In this blog I want to discuss a related equally important question: “where does 2SCALE work?”.
Or, better, in what regions and/ or countries is the approach of 2SCALE most relevant (and where not, of course). To start answering this question, I first want to define the 2SCALE approach. Let me give it a try.
2SCALE essentially promotes transformative change in agri-food industries by developing partnerships with private entrepreneurs committed to inclusive business. At the risk of explaining too much, we see inclusive business in the context of 2SCALE as a business that involves low income communities as suppliers of inputs and services, farmers, employees, processors, traders or consumers, in a way that benefits them. There are good reasons to support private companies in Africa (but beyond Africa as well!) to implement an inclusive business agenda: establishing a viable business is often difficult enough, let alone to develop a viable business that nurtures solid relations with farmers and other small-scale enterprises, and supplies nutritious food products to local (BoP) markets. The social benefits of inclusive value chains justify public support. It can also be an efficient form of public support; part of the total investment is privately funded; the private stakeholders, and co-investors, also ensure to a large extent the sustainability of the effort.
The major principles on which the 2SCALE approach rests are the following:
- 1. Championship of companies and (professional vertically integrating) producer organizations committed to inclusive change.
- 2. There are no blueprints. Partners work together on jointly identified priority areas (leverage points) to accelerate inclusiveness, while maintaining or even improving competitive edge in a target food industry.
- 3. Inclusive value chains require strong local networks at the grassroots level. These networks (agribusiness clusters!) ensure that small-scale farmers have access to adequate inputs and services (finances, information); develop the (collective) capacity to innovate and to negotiate contractual arrangements, or better, to influence their terms of inclusion.

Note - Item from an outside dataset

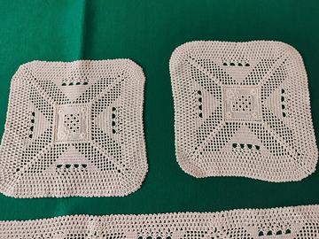 4 CENTRINI fatti a mano all’uncinetto colore PANNA misure : 1 grande cm 56/29 3 piccoli cm 18/18, uno ha un disegno leggermente diverso

While many other programs focus on inclusiveness, and inclusive business, with many of them doing excellent work, the 2SCALE program has been its own unique features:
- 2SCALE develops partnerships from the bottom up, progressively bringing all relevant (local, international) stakeholders together to co-invest in competitive and inclusive value chains; hands-on support to facilitate partnership governance, and to design, and pilot-test (support activities for) inclusive business models, is provided through dedicated partnership facilitators.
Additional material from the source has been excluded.